En effêt, au baroquisme flamboyant, à l'épouvante gothique et à un romanesque échevelé et somptueusement mis en scène, le réalisateur associe une histoire très sombre, perverse et transgressive.


Avec ses apparences, aussi classieuses qu' "anodines", de mix d' "Angélique, marquise des anges" et de "Dracula, prince des ténèbres", avec ses histoires d'amour impossibles, son revenant glamour et sa vengeance d'outre-tombe, l'oeuvre frappe finalement par son aspect insolite et gonflé : La passion dévore la belle héroïne, mais c'est aux coups de fouet qu'elle vibre et l'amour pervers vire, pour finir, à l'obsession et à la folie !


Sadomasochisme, fétichisme et schizophrénie sur fonds de tentures pourpres et de couchers de soleil sur la mer : tel s'avère le véritable programme !




Tout démarre assez classiquement :
un homme regagne le château paternel après une absence prolongée ; on le hait ; on le considère comme le criminel, responsable du suicide d'une idiote qui s'était (à tort !) entichée de lui (la fille de la gouvernante) ; la femme qu'il aimait vraiment a été mariée à son jeune frère, lequel s'est vu déclaré le seul héritier légitime !
Dépossèdé de ses droits et de ses biens et maudit par sa famille, Kurt Menlif ne suscite que l'animosité de ses pairs.

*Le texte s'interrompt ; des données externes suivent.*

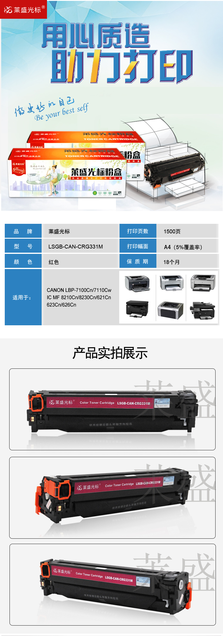 萊盛光標(biāo) LSGB-CAN-CRG331M 紅色硒鼓 適用:CANON LBP-7100Cn/7110Cw IC MF 單位:支

C'est lorsque la belle Nevenka, son ex-amante et dorénavant belle-soeur, part se promener sur le rivage, que le film bifurque et affiche son vrai visage :
Kurt est là ; ils se retrouvent seul à seul ; l'amour enflamme toujours leurs regards ...
Et quand la belle le provoque d'un coups manqué de sa cravache, Kurt s'en saisit et corrige et fouette la jeune femme qui se tord de douleur et surtout de plaisir !
"Tu as toujours aimé la violence !" constate Kurt, avant de sceller par une étreinte et un baiser fougueux la dévoration toujours cuisante de leur passion hors norme.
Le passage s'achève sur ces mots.